The fine powder fluidizing chamber (21) of the overflow feeding device (1) is a fluidized bed which takes inert gas and metal powder as fluidized gas-solid medium, the height of the fine powder fluidizing chamber (21) is 0.6-1 m, the radius is more than 0.15m, the lower part of the fine powder fluidizing chamber (21) is provided with a coarse powder outlet (26), and the actual structure of the fine powder fluidizing chamber (21) is adjusted according to the type and physical parameters of raw material powder and product requirements.
Preferably, the heat-resistant lining (15) of the high-temperature melting and spheroidizing chamber (16) is made of corundum or silicon carbide materials, a heating rod (17) made of silicon-molybdenum or nickel-chromium alloy is embedded inside the heat-resistant lining, and the first insulating brick (6) is a light magnesia brick or a high-aluminum refractory brick.
Preferably, the high-temperature melting spheroidizing chamber (16) is 2.5-3.0 m in height, an inert/reducing gas outlet (18) is arranged at a position which is 15cm away from the top end of the high-temperature melting spheroidizing chamber, a top-down gradually expanding furnace type is adopted, the included angle between the inner wall and the horizontal direction is 80-86 degrees, and the angle of the furnace type is adjusted according to the divergence degree of materials in the falling process in the furnace; the continuous working temperature is 800-1600 ℃, the highest temperature can reach 1700 ℃, three-section type accurate temperature control is adopted, and the actual production temperature is adjusted in real time according to the property and the production efficiency of the actual metal powder raw material.
The height of the forming cooling chamber (8) is 1.2-1.5 m, which is about 0.4 time of the volume of the high-temperature melting spheroidizing chamber (16), a furnace type which is gradually contracted from top to bottom is adopted, the included angle between the inner wall of the upper part and the horizontal direction is 85 degrees, the included angle between the inner wall of the lower part and the horizontal direction is 33 degrees, and a product discharge port (9) and a discharge valve (10) are arranged at the bottom and can be opened and closed according to the storage amount in the forming cooling chamber (8); and a second cooling wall (12) at the lower part of the forming cooling chamber (8) adopts circulating cooling water as a cooling medium, and the flow rate of the cooling water can be adjusted according to the actual temperature of the forming cooling chamber (8).
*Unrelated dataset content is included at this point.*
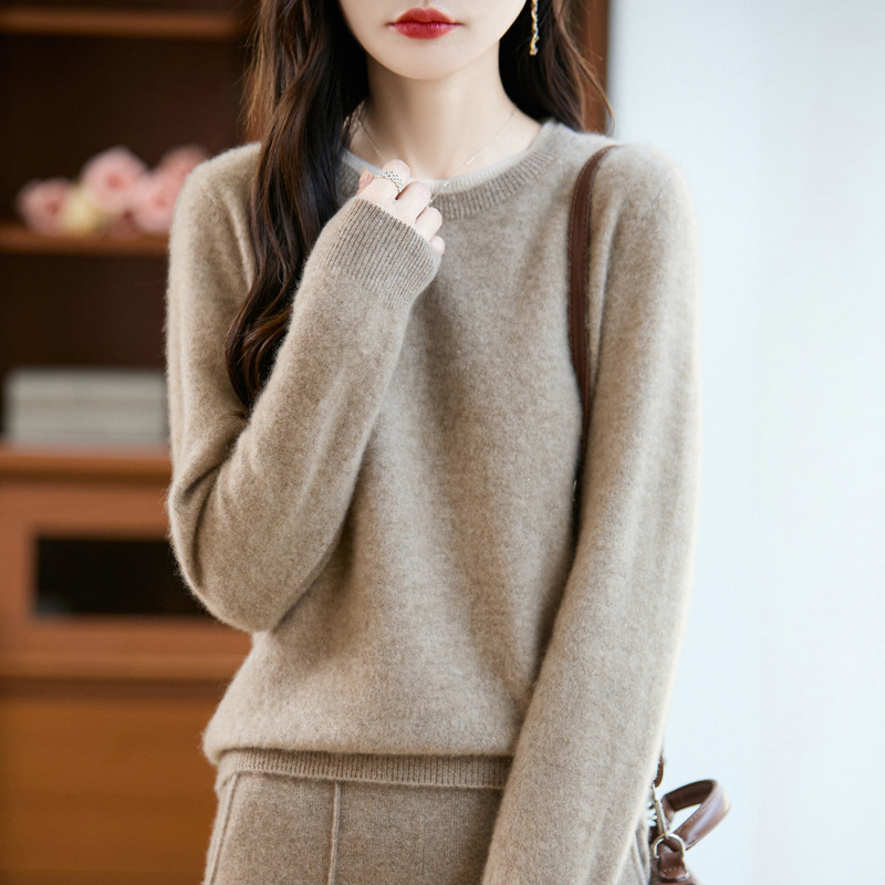 100%纯羊毛2025秋冬新款女式宽松圆领复古加厚套头打底针织衫毛衣
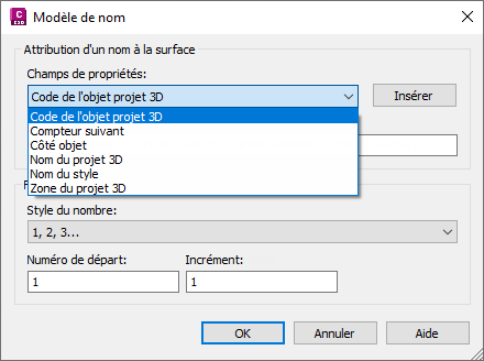 pour ouvrir la boîte de dialogue Modèle de nom.

A method for producing spherical metal powder for 3D printing by using the device comprises the following steps:
opening an inert reducing gas inlet (11) and an inert reducing gas outlet (11), introducing inert gas to ensure that the oxygen content in the fine powder fluidization chamber (21) and the forming cooling chamber (8) is lower than 0.1%, and switching the inert reducing gas inlet (11) to introduce the inert gas mixed with reducing gas with the proportion of 5%; and starting a power supply of the heating system to ensure that the temperature of the high-temperature melting spheroidizing chamber (16) reaches a proper working range.
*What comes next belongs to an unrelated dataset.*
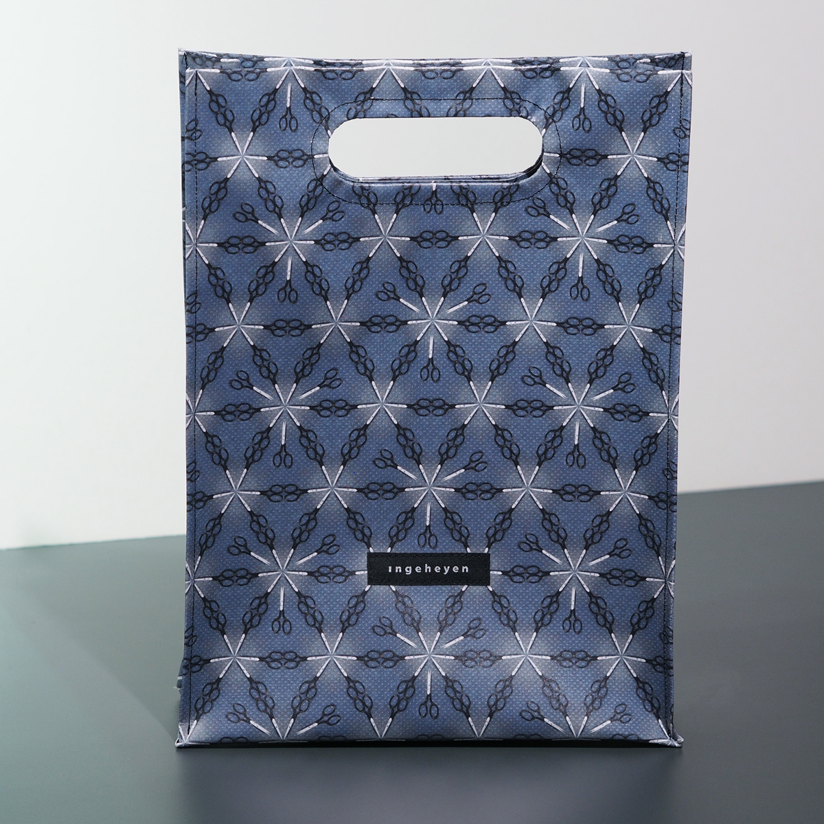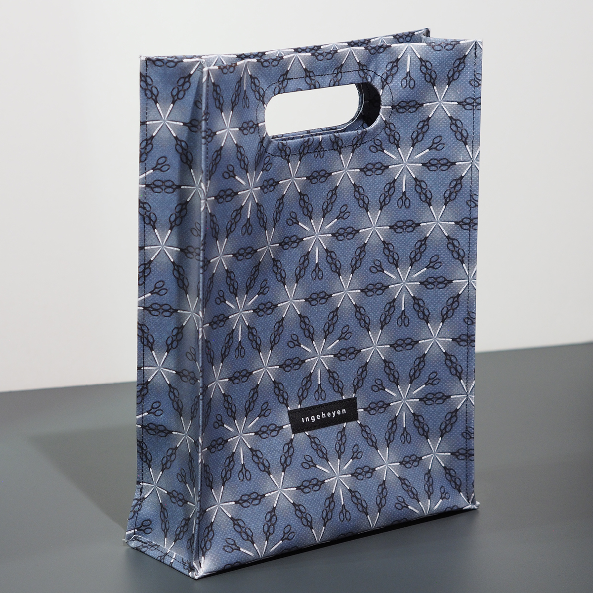 Diese Tasche im Stil einer klassischen Plastiktüte ist aus robustem Planenmaterial genäht. Sie ist ein echter Hingucker. Das Muster Reality Pattern M77 habe ich mit einem Foto von der Museumsschere im Industriemuseum Solingen gestaltet. Diese Schere wird heute noch bei Vorführungen im Museum hergestellt.

Opening a fluidizing gas valve (16), leading inert gas to enter a fine powder fluidizing chamber (21) through a gas storage tank, exhausting air to ensure that the oxygen content in the fine powder fluidizing chamber (21) is lower than 0.1%, adding metal powder into the fine powder fluidizing chamber (21) through a metal powder feeding port (23), adjusting the flow rate of a fluidizing gas valve (19) and the powder feeding speed, discharging gas overflowing a fluidized layer through a fluidizing gas outlet pipe, leading fine particles with qualified particle size distribution in the fluidizing chamber to be in a fluidized state, and leading coarse particles to be deposited at a coarse powder discharging port (26) for intermittent discharge.
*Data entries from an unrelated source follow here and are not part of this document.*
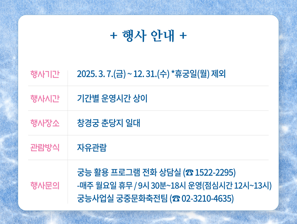 - 장소: 창경궁 춘당지 일대 (서울 종로구 창경궁로 185).
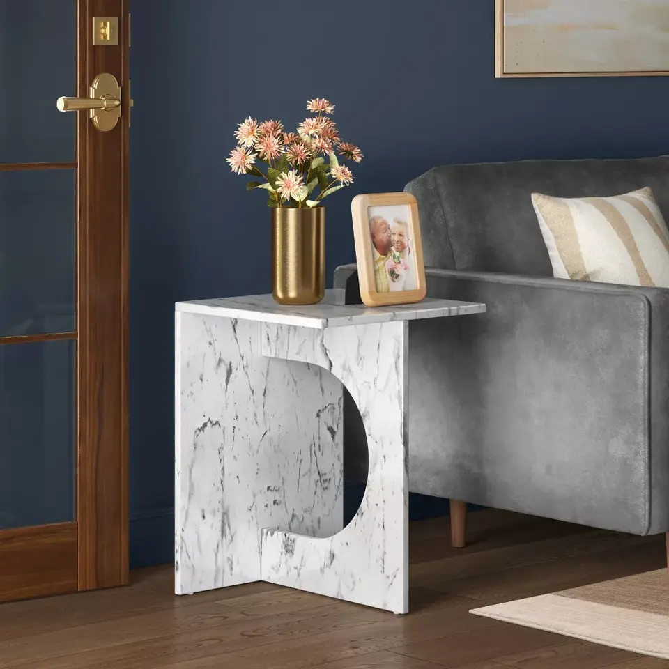 Living Room Home Furniture Modern Luxury C Shape Mesa De Centro Nordic White Metal Base Beige White Square Marble Coffee Table
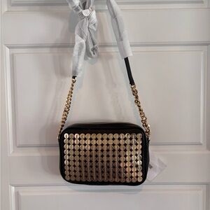 MICHAEL KORS GOLD SEQUINS POUCHS Black Leather Gold Chain Bag NEW W/reticket tag. #Bag-3131
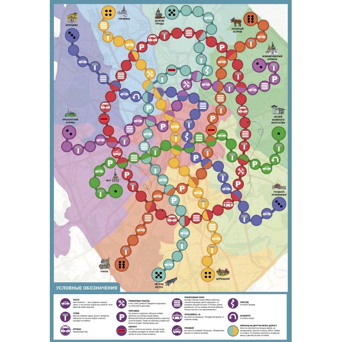 - Игровое поле — карта Москвы с разными маршрутами и игра на обратной стороне,

Opening a partition plate (24) of a fluidizing chamber, enabling powder overflowing the partition plate (24) of the fluidizing chamber to enter a metal powder discharge port (25), uniformly dispersing the powder through a steel furnace top (2), entering a high-temperature melting and spheroidizing chamber (16), fully preheating the upper part of the high-temperature melting and spheroidizing chamber, melting the middle part of the high-temperature melting and spheroidizing chamber, enabling the middle lower part of the high-temperature melting and spheroidizing chamber to be completely liquid, enabling particles to form spheres by self surface tension of metal droplets, rapidly reducing the partially oxidized particles in the raw materials in a temperature region reaching the reduction temperature, completely spheroidizing the bottom of the high-temperature melting and spheroidizing chamber (16), enabling the spherical droplets to enter a forming cooling chamber (8), gradually cooling the spherical droplets to reach the middle lower part of the high-temperature melting and spheroidizing chamber, cooling the bottom of.
The inert/reducing gas outlet (18) is provided with a steel baffle (3) which can effectively prevent the gas carried powder from flowing out.
The spheroidized product is not limited to the application in the field of 3D printing, but also can be used in powder metallurgy, spraying and other fields.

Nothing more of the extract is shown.